Wilmington is in the very northern part of the state and was more liberal than the southern part. Delaware, being a very small state, had maybe 600,000 people back then. Over half of them lived in the northern county and the rest in the two southern counties. The Mason-Dixon line runs right through Delaware. For years they had segregated schools in the two southern counties. They had some out-and-out segregation in the north too but mostly the north had customs that were more like a northern city like Philadelphia. At that time—and maybe even today—nearly every newspaper buyer in the state read the Wilmington newspaper.

The lawyer explained to me that Senator Boggs had put together some ads that were going to run in an advertising insert in the paper every day for the last week before the election. Boggs was claiming that Joe Biden had distorted Boggs’s voting record, and the ads were going to show what Biden had said about Boggs alongside of Boggs’s actual voting record or whatever. The lawyer didn’t want those newspapers to be delivered. The lawyer was very good people. He was very smart. He was experienced and he knew that both sides of an election played their games. The corporations played plenty of games over the years, telling their workers who to vote for, pulling strings behind the scenes.

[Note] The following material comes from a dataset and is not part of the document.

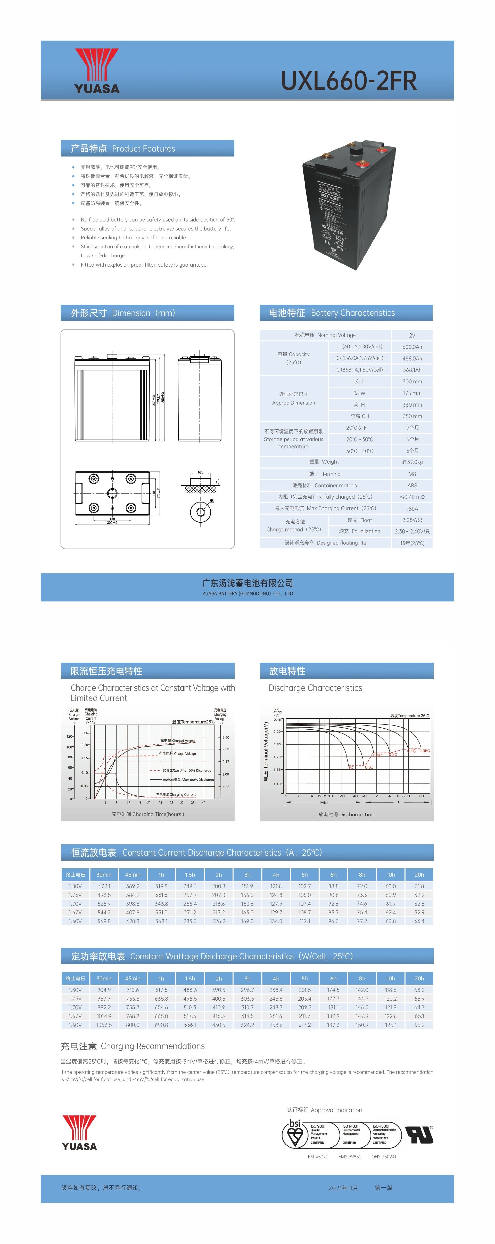 UXL660-2FR电池采用了先进的铅酸蓄电池技术,确保了电池的高效能和长寿命。其独特的电解液配方和先进的极板设计,使得电池在充放电过程中更加稳定,有效减少了电池损耗,从而延长了使用寿命。此外,汤浅蓄电池还采用了多重安全防护措施,确保了电池在各种恶劣环境下的安全稳定运行。

The guy who was there who worked on the paper said that he wanted to put up an informational picket line, but he didn’t have any good people that worked with him in the newspaper he could trust to walk the line. I think they had a union already, but this line was going to be for a different union. I told him I would hire some people and put them on the picket line for him. They were people nobody would mess with.

The idea behind an informational picket line is that you’re trying to organize the company, or you’re claiming that the company is unfair and won’t sit down and negotiate with the union, or that the company is putting pressure on the workers not to sign union cards. You might be trying to force an election to replace the union they already have, like Paul Hall and the Seafarers did against Jimmy Hoffa. Any time you see the words “Unfair to Labor” on a picket line that’s an informational picket line. You can’t put on your signs that you’re on strike because you’re not a recognized union yet, and that would violate the rules of the National Labor Relations Board.

I told my friend the lawyer and the guy he had with him that they could count on me to get it handled. I always had a lot of respect for that lawyer and I thought Biden was better for labor anyway. I told him that once we put up the picket line I would see to it that no truck driver crossed that picket line. The Teamsters would honor the informational picket line of the other union, whatever name they used.

The line went up and the newspapers were printed, but they stayed in the warehouse and they never were delivered. The newspaper company called me up and wanted my men to go back to work. I told them we’re honoring the picket line. He asked me if I had anything to do with the blowing up of a railroad car that had material that was going to be used in the printing of the newspaper—whether it was paper or ink or some kind of other supplies, I don’t know. But no people got hurt in the bombing. I told him we’re honoring the picket line, and if he wanted to hire some guards to keep an eye on his railroad cars he should look in the Yellow Pages.